Financial Management Services has significantly reduced the average cycle-times for contracts from 30 to 20 days at the same time that volumes have increased by over 62% during the last two years. Based on Stanford’s clean audits, FMS has been allowed to raise the threshold for central review of federally funded purchase requisitions from $25,000 to $50,000, which has resulted in a 25% decrease in the number of purchase requisitions requiring central review and a 53% decrease in cycle-times. Even better, later this spring, the threshold for central review of non-federal requisitions will be increased from $50,000 to $250,000, which will result in a 72% reduction in purchase orders requiring central review.
As another example, much of the research in the social sciences requires approval of the Institutional Review Board; through some changes of process last year, the median time to approval by the non-medical IRB has been cut by more than half, “resulting in reduced processing times and happier faculty,” as one senior faculty member told us.
How will you monitor accountability and make sure changes are having the desired effect?

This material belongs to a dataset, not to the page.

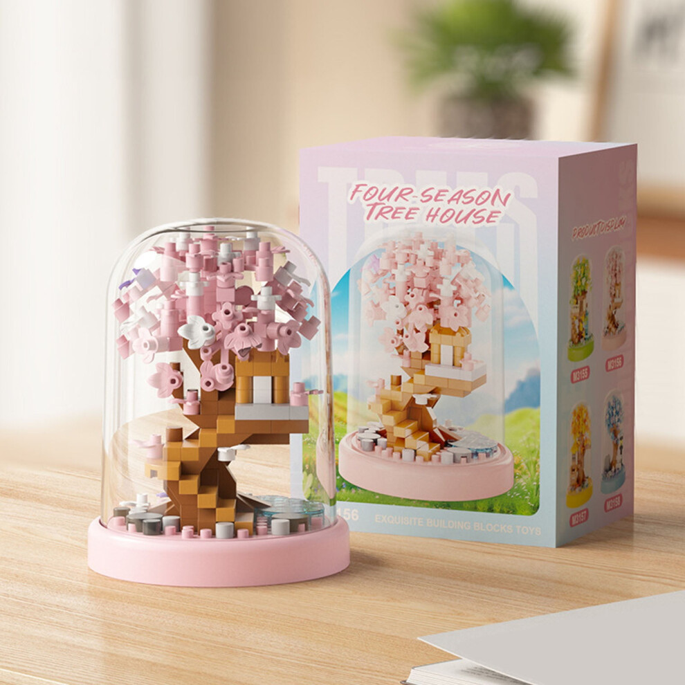 Valentine's Day 4-Season Tree House Bonsai Building Toy Set with Dust Cover, DIY Flower & Miniature Tree House Blocks – Compatible with LEGO

Saller: We’ve asked administrative units to provide metrics, where applicable, in their submissions and then to monitor changes in the coming year in order to evaluate their efficacy. By measuring how well they’re working, we can make informed decisions about what to keep in place, adapt, expand, and consider implementing more broadly. We’ll also listen closely to the people involved in these processes, both as administrators and users, so that we can understand and address what they’re experiencing.
What’s next?
Etchemendy: Well, we’ve only just begun. The university is a very large place, and there are many offices that can reduce the administrative friction that takes time away from our core missions of teaching, research, and clinical care. We will be continuing our work through this year and next, and hope that by the end, we will have made a noticeable difference in the efficiency of everything we do.
I believe that Stanford is the strongest, most innovative research university in the world. If we can make ourselves the most efficient as well, just think how much more we can contribute to the world!